6. Compatibility policy¶
6.1 API compatibility¶
liel is published as Development Status :: 4 - Beta during the current
0.x series. The Beta compatibility surface is Python-first:
liel.openGraphDBlifecycle, CRUD, traversal, transaction, QueryBuilder, merge, maintenance, and metadata methods documented in the Python guideNode,Edge,NodeQuery,EdgeQuery,Transaction, andMergeReport- the main exception classes under
GraphDBError
Breaking changes may still happen before 1.0, but changes to this surface
should be recorded in the changelog with migration notes.

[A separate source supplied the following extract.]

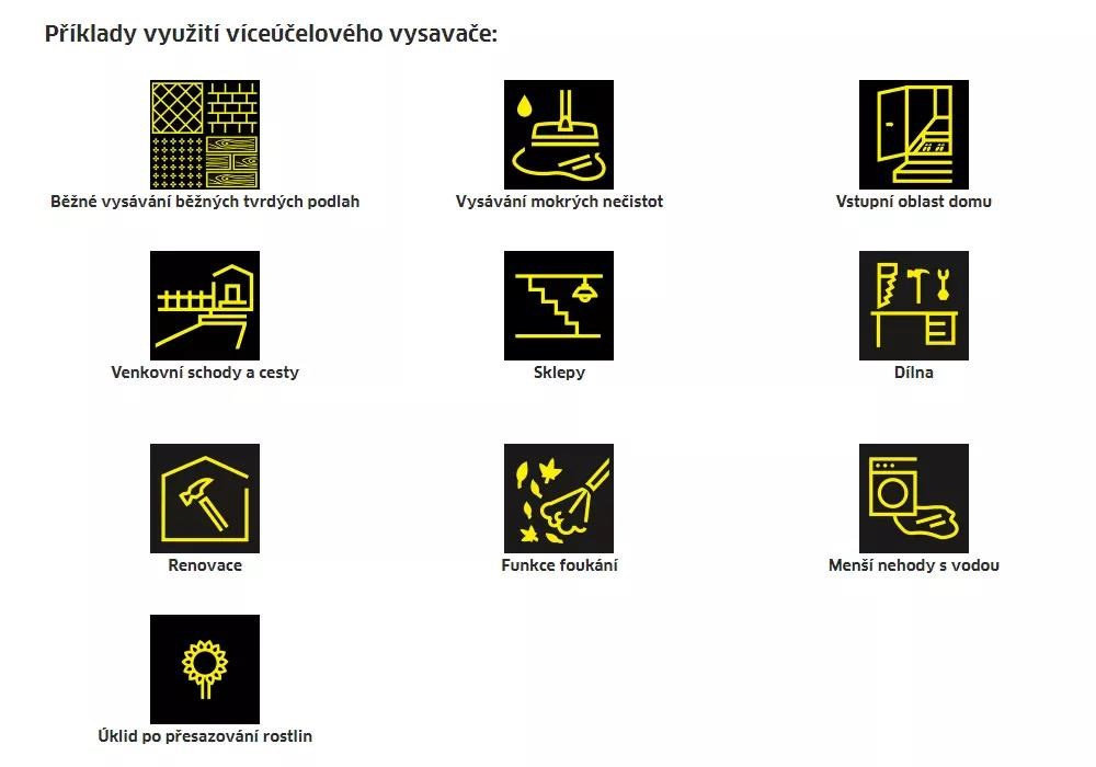 - Nabízí možnost nasazení nejrůznějších hubic přímo na sací hadici.

Rust internals and helper APIs that are not documented in the Python guide may
change more freely.
6.2 On-disk format compatibility¶
The canonical .liel file format lives in format spec.
During 0.x, breaking format changes may happen, but they must be explicit:
the format version should be checked, unsupported future formats should fail
closed, and release notes should say whether existing
files remain readable or need migration.
An older liel should not silently read an unknown future format version.
Unsupported formats fail closed.
7. How to describe reliability¶
Good short description:
lielis a portable external-brain store built on a graph engine that uses a page-level WAL to recover committed writes under a single-writer, single-file, local-filesystem model.
Avoid saying:
lielis a server-grade, fully concurrent database.
The accurate claim is narrower and stronger: liel is not trying to make
concurrent writers safe; it is trying to keep local single-file graph memory
recoverable and easy to reason about.